TASK DIRECTIONS: After locating the line with "Wigs with bangs: short" in the entries below, set down exactly that line and each one after it to the end, skipping pictures.

DATA SUPPLIED:
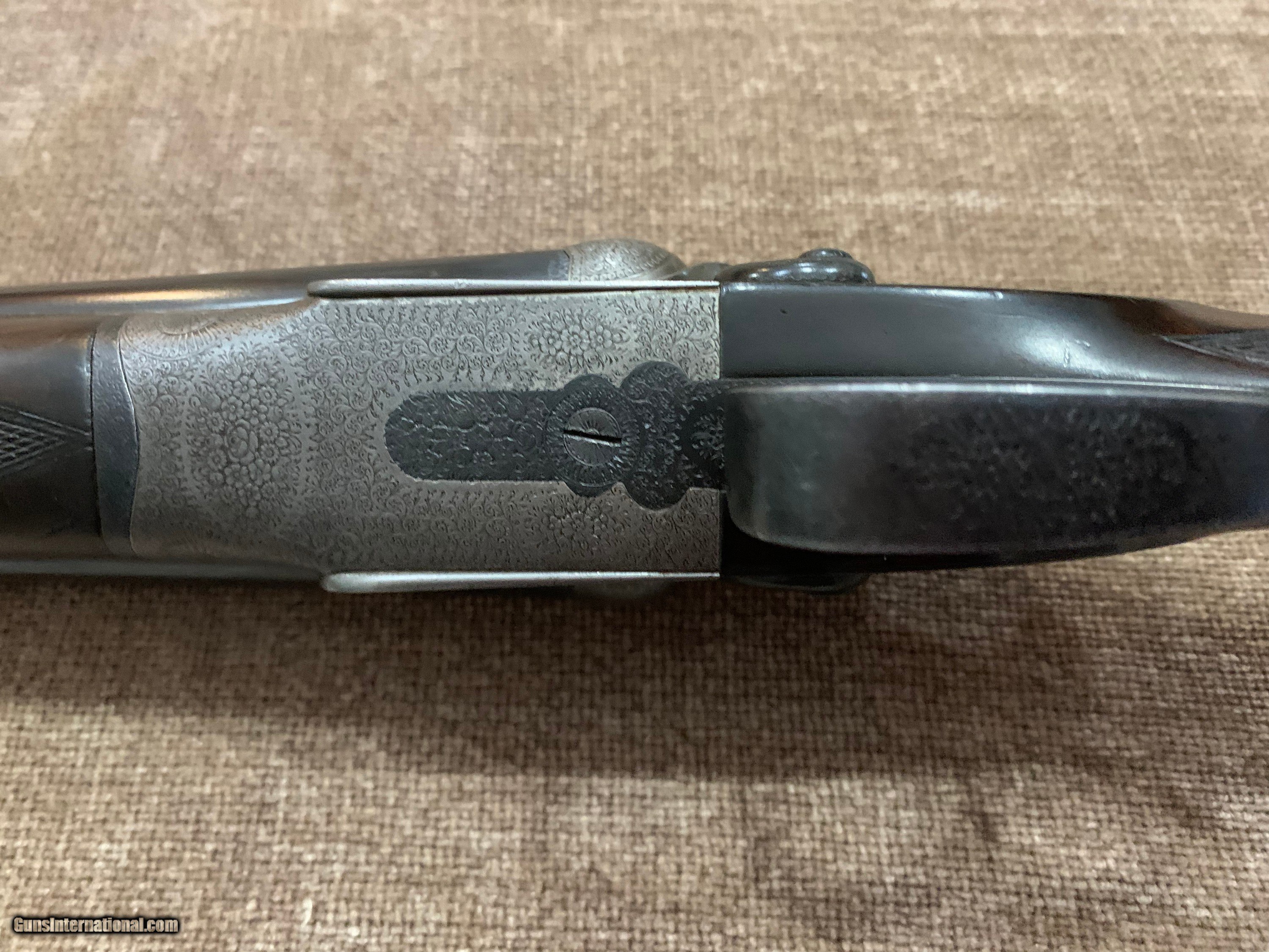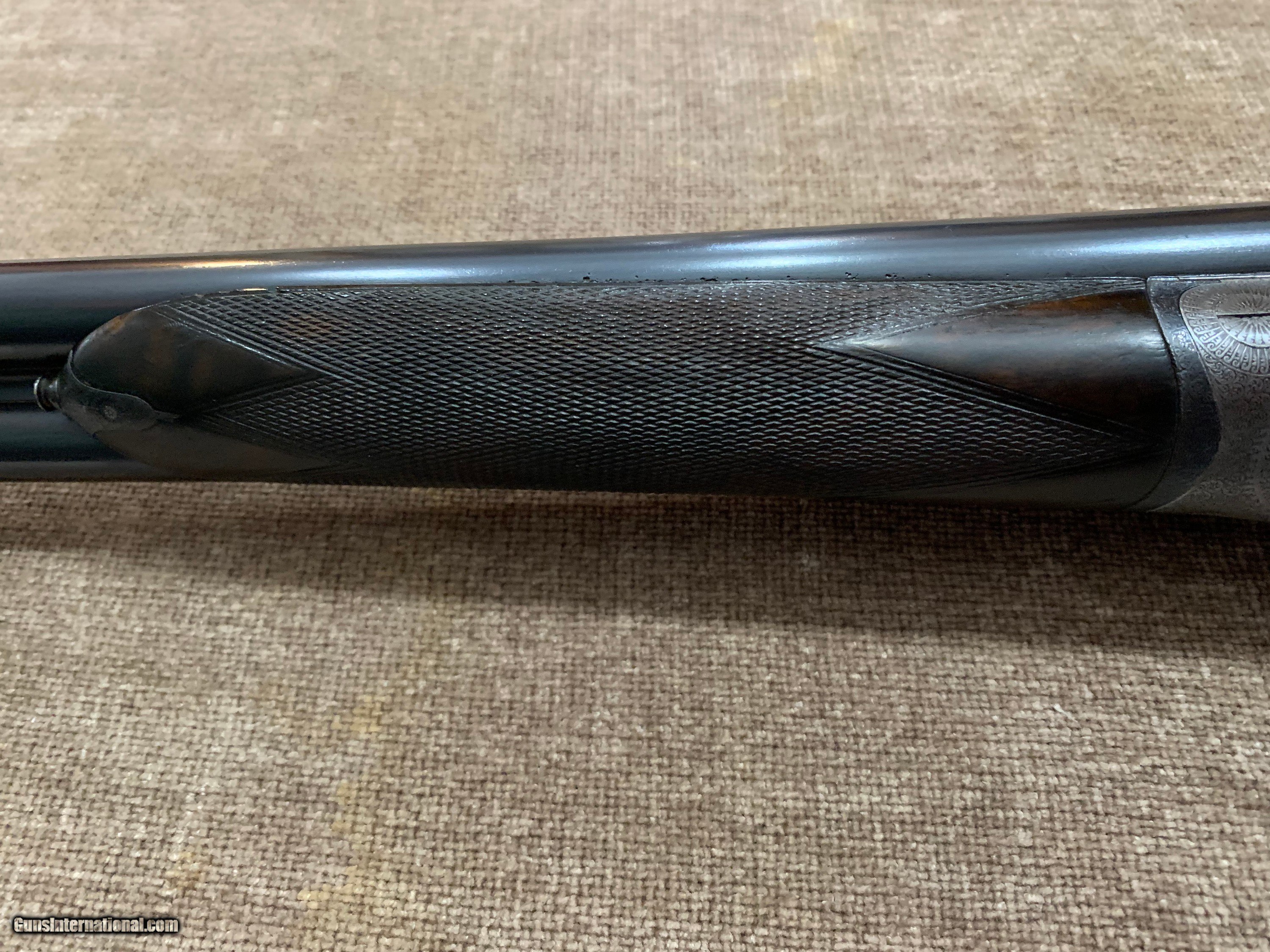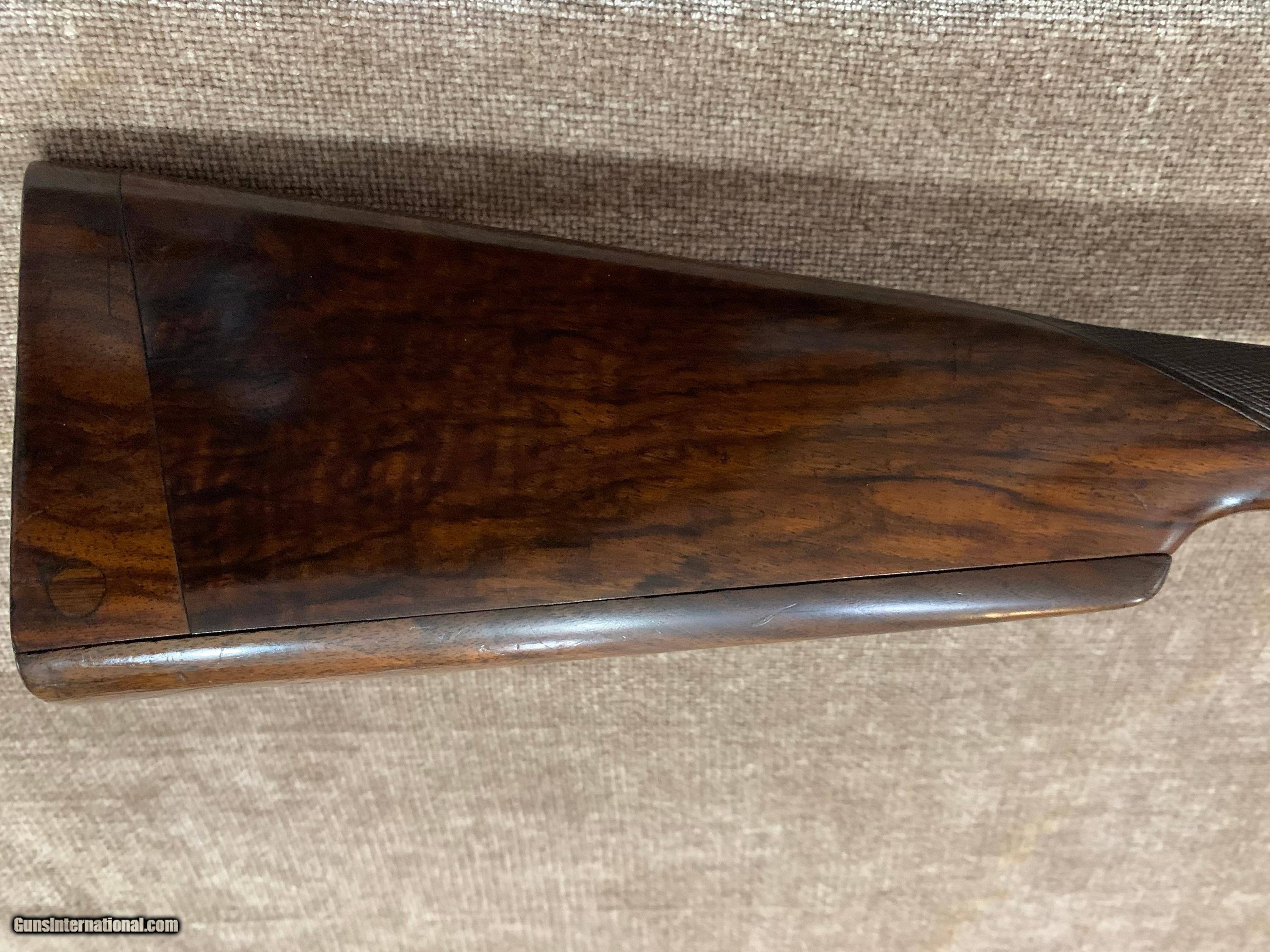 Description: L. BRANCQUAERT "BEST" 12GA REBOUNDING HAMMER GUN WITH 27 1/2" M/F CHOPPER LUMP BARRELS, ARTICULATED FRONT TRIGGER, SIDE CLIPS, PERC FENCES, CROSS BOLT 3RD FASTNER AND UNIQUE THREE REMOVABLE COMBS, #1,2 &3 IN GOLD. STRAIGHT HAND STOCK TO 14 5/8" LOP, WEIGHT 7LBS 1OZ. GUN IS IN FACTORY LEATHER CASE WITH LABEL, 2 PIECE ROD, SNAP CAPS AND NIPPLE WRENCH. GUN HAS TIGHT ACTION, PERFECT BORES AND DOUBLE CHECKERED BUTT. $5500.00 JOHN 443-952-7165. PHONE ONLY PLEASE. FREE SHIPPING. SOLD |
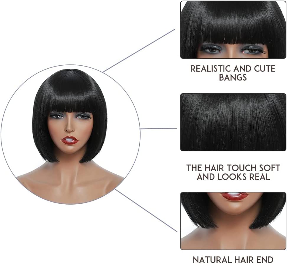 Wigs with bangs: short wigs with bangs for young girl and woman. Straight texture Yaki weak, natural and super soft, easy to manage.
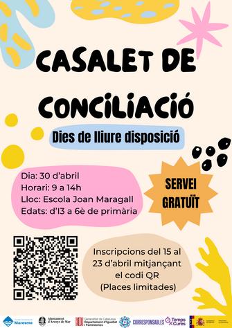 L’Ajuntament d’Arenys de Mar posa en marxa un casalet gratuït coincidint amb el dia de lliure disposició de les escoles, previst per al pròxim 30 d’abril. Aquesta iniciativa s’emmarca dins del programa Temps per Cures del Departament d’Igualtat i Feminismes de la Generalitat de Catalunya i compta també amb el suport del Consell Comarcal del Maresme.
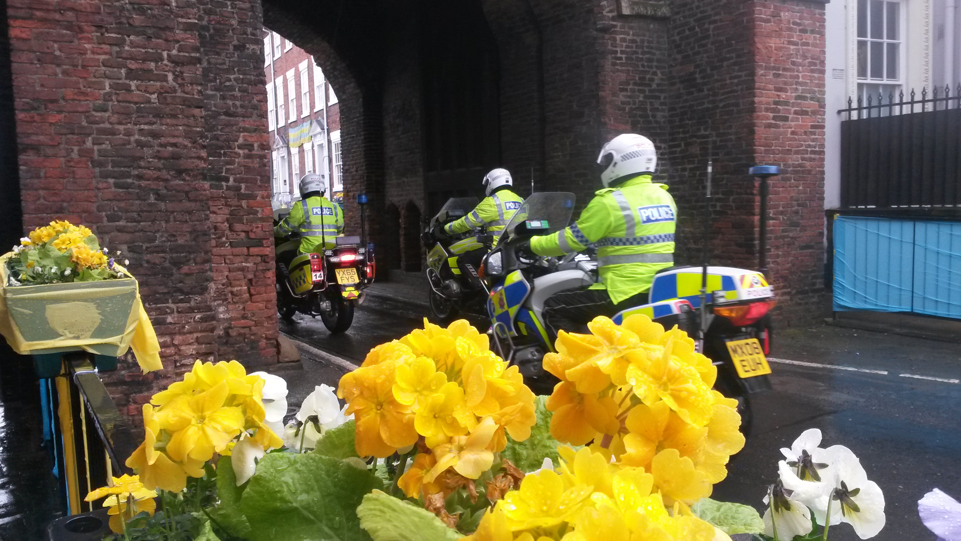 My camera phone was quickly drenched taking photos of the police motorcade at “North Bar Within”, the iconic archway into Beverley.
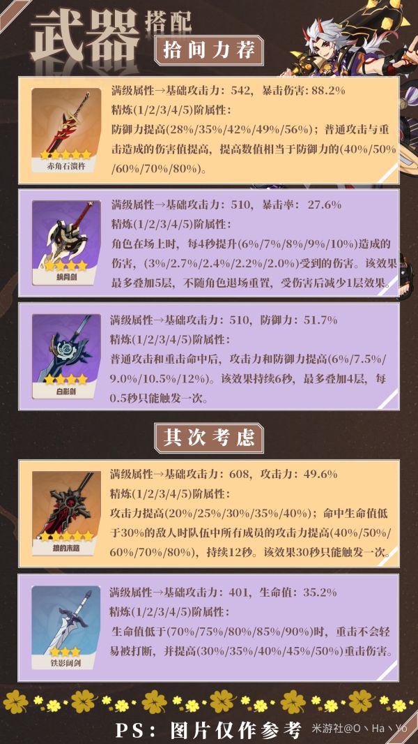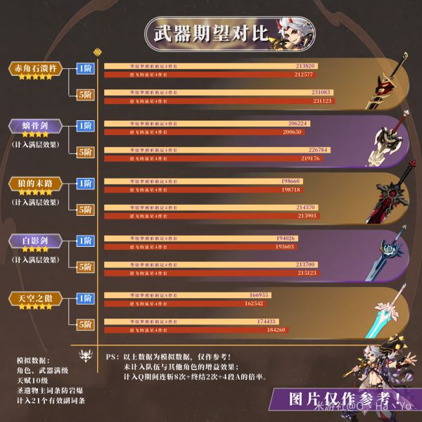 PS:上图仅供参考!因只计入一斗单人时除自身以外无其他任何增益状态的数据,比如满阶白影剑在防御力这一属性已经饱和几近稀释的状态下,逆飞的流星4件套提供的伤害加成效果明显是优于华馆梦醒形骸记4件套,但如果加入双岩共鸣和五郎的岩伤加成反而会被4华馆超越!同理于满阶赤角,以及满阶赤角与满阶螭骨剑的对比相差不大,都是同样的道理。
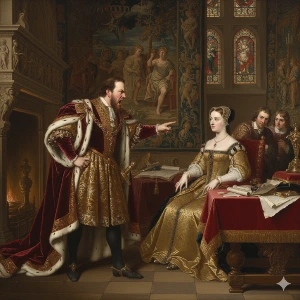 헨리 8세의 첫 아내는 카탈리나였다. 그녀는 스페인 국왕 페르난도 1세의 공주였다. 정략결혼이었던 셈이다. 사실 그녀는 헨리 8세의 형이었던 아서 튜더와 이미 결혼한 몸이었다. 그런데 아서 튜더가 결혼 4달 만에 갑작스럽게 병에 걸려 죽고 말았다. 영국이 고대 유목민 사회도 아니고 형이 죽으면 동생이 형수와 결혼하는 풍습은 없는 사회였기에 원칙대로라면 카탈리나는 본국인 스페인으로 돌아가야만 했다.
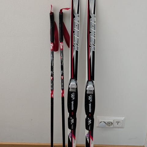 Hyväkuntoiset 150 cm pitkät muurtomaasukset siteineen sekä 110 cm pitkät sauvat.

PROBLEM SOLUTION:
 Wigs with bangs: short wigs with bangs for young girl and woman. Straight texture Yaki weak, natural and super soft, easy to manage.
 L’Ajuntament d’Arenys de Mar posa en marxa un casalet gratuït coincidint amb el dia de lliure disposició de les escoles, previst per al pròxim 30 d’abril. Aquesta iniciativa s’emmarca dins del programa Temps per Cures del Departament d’Igualtat i Feminismes de la Generalitat de Catalunya i compta també amb el suport del Consell Comarcal del Maresme.
 My camera phone was quickly drenched taking photos of the police motorcade at “North Bar Within”, the iconic archway into Beverley.
 PS:上图仅供参考!因只计入一斗单人时除自身以外无其他任何增益状态的数据,比如满阶白影剑在防御力这一属性已经饱和几近稀释的状态下,逆飞的流星4件套提供的伤害加成效果明显是优于华馆梦醒形骸记4件套,但如果加入双岩共鸣和五郎的岩伤加成反而会被4华馆超越!同理于满阶赤角,以及满阶赤角与满阶螭骨剑的对比相差不大,都是同样的道理。
 헨리 8세의 첫 아내는 카탈리나였다. 그녀는 스페인 국왕 페르난도 1세의 공주였다. 정략결혼이었던 셈이다. 사실 그녀는 헨리 8세의 형이었던 아서 튜더와 이미 결혼한 몸이었다. 그런데 아서 튜더가 결혼 4달 만에 갑작스럽게 병에 걸려 죽고 말았다. 영국이 고대 유목민 사회도 아니고 형이 죽으면 동생이 형수와 결혼하는 풍습은 없는 사회였기에 원칙대로라면 카탈리나는 본국인 스페인으로 돌아가야만 했다.
 Hyväkuntoiset 150 cm pitkät muurtomaasukset siteineen sekä 110 cm pitkät sauvat.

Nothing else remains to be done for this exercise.